• TASK INSTRUCTIONS:
Return all the lines below exactly as written. Drop every picture.

• DATA BELOW:
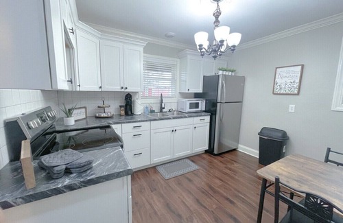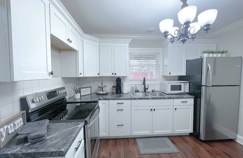 Step into the comfort of Wanamaker Haven, one half of a beautifully remodeled duplex nestled in a serene neighborhood. This 2-bedroom, 1-bathroom abode offers a delightful blend of modern amenities and homely warmth, perfect for both leisure and business travelers. Revel in the spotless space, adorned with stunning decor and brand-new, high-quality furniture for an unparalleled relaxing stay.
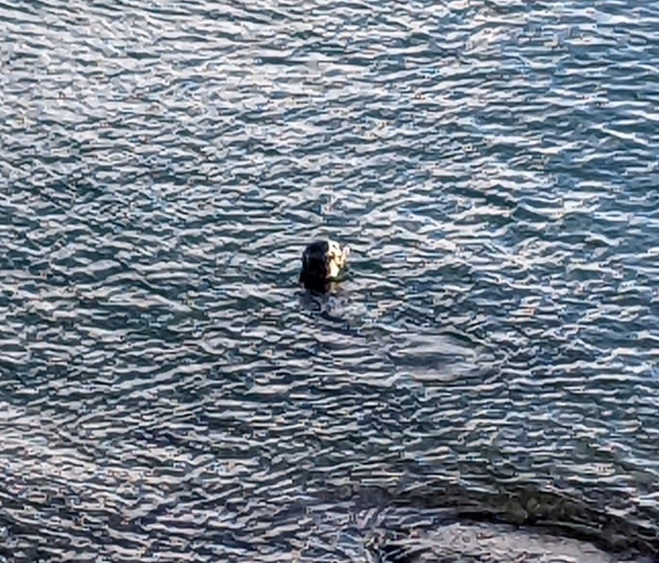 Dès notre arrivée, nous avons repéré un marsouin commun et nous nous sommes précipités pour prendre notre équipement. C'était le premier marsouin que je voyais. Sa petite nageoire dorsale grise émergeait alors qu'il nageait devant nous. Peu de temps après, Stinky, le phoque commun, est apparu juste en dessous de nous, près du rivage. Stinky fera plusieurs autres apparitions tout au long de l'enquête. En regardant le détroit de Géorgie, il était difficile de ne pas se laisser distraire et de ne pas regarder au loin dans mes jumelles.
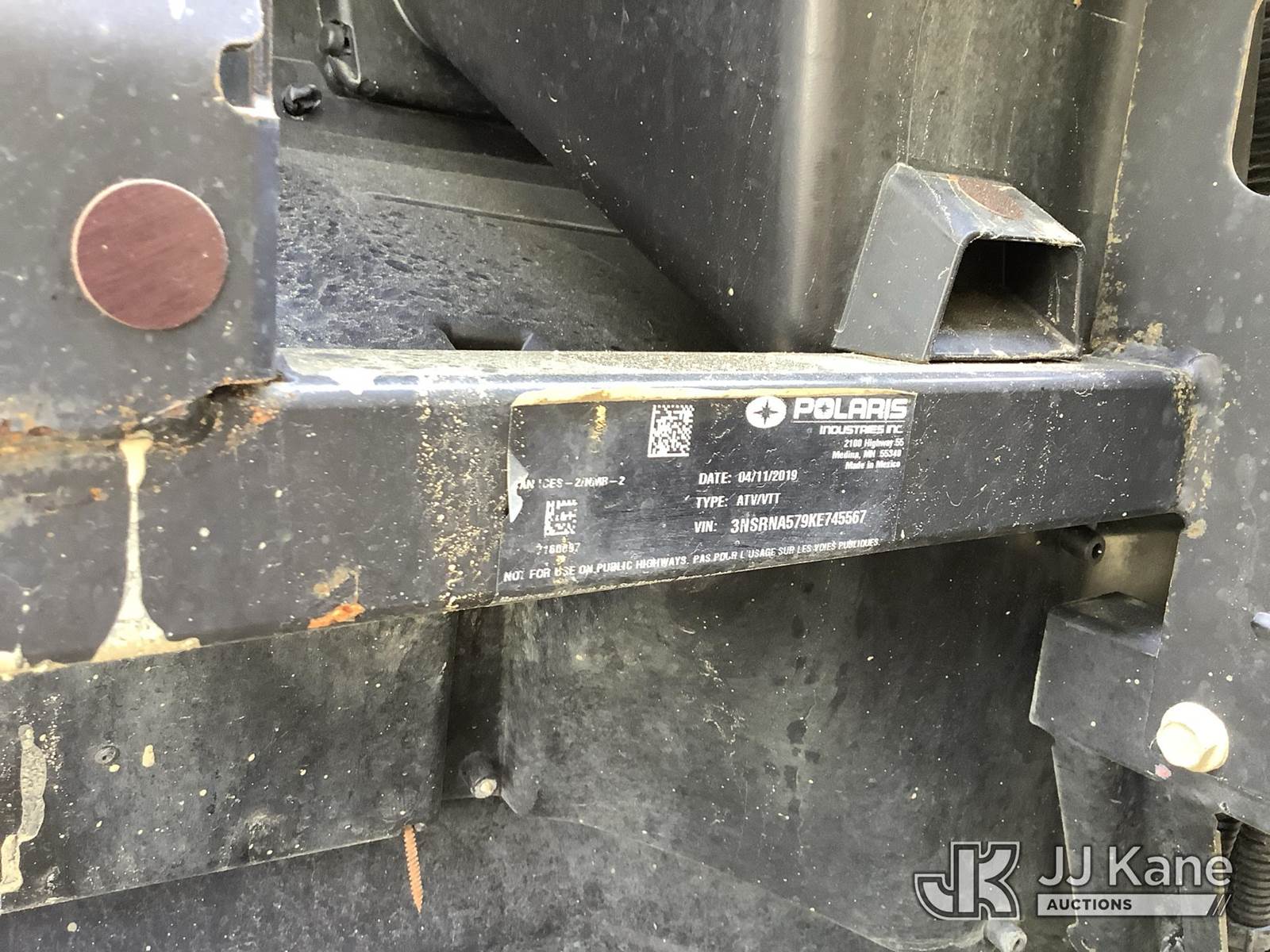 2019 Polaris Ranger All-Terrain Vehicle, s/n 3NSRNA579KE745567, 1-cyl Gas, Auto, (7,240 miles) (Runs & Moves) (Removal is by Appointment Only, Buyer MUST make a appointment prior to picking up, Buyer/Transporter Must have PAID IN FULL RELEASE. No onsite assistance available, Please Come prepared.) NOTE: This unit is being sold AS IS/WHERE IS via Timed Auction and is located in Harmans, MD. Inspection & preview days for this unit are by appointment only; please contact us at contact@jjkane.com or 84-Go-JJKane for more details. For pre-sale questions, please contact the on-site office @ (443) 557-0025 or Kevin.Waggoner@JJKane.com. (Buyer is responsible for removal. Assistance by consignor or JJ Kane Auctions is not assured.)

• RESPONSE BELOW:
 Step into the comfort of Wanamaker Haven, one half of a beautifully remodeled duplex nestled in a serene neighborhood. This 2-bedroom, 1-bathroom abode offers a delightful blend of modern amenities and homely warmth, perfect for both leisure and business travelers. Revel in the spotless space, adorned with stunning decor and brand-new, high-quality furniture for an unparalleled relaxing stay.
 Dès notre arrivée, nous avons repéré un marsouin commun et nous nous sommes précipités pour prendre notre équipement. C'était le premier marsouin que je voyais. Sa petite nageoire dorsale grise émergeait alors qu'il nageait devant nous. Peu de temps après, Stinky, le phoque commun, est apparu juste en dessous de nous, près du rivage. Stinky fera plusieurs autres apparitions tout au long de l'enquête. En regardant le détroit de Géorgie, il était difficile de ne pas se laisser distraire et de ne pas regarder au loin dans mes jumelles.
 2019 Polaris Ranger All-Terrain Vehicle, s/n 3NSRNA579KE745567, 1-cyl Gas, Auto, (7,240 miles) (Runs & Moves) (Removal is by Appointment Only, Buyer MUST make a appointment prior to picking up, Buyer/Transporter Must have PAID IN FULL RELEASE. No onsite assistance available, Please Come prepared.) NOTE: This unit is being sold AS IS/WHERE IS via Timed Auction and is located in Harmans, MD. Inspection & preview days for this unit are by appointment only; please contact us at contact@jjkane.com or 84-Go-JJKane for more details. For pre-sale questions, please contact the on-site office @ (443) 557-0025 or Kevin.Waggoner@JJKane.com. (Buyer is responsible for removal. Assistance by consignor or JJ Kane Auctions is not assured.)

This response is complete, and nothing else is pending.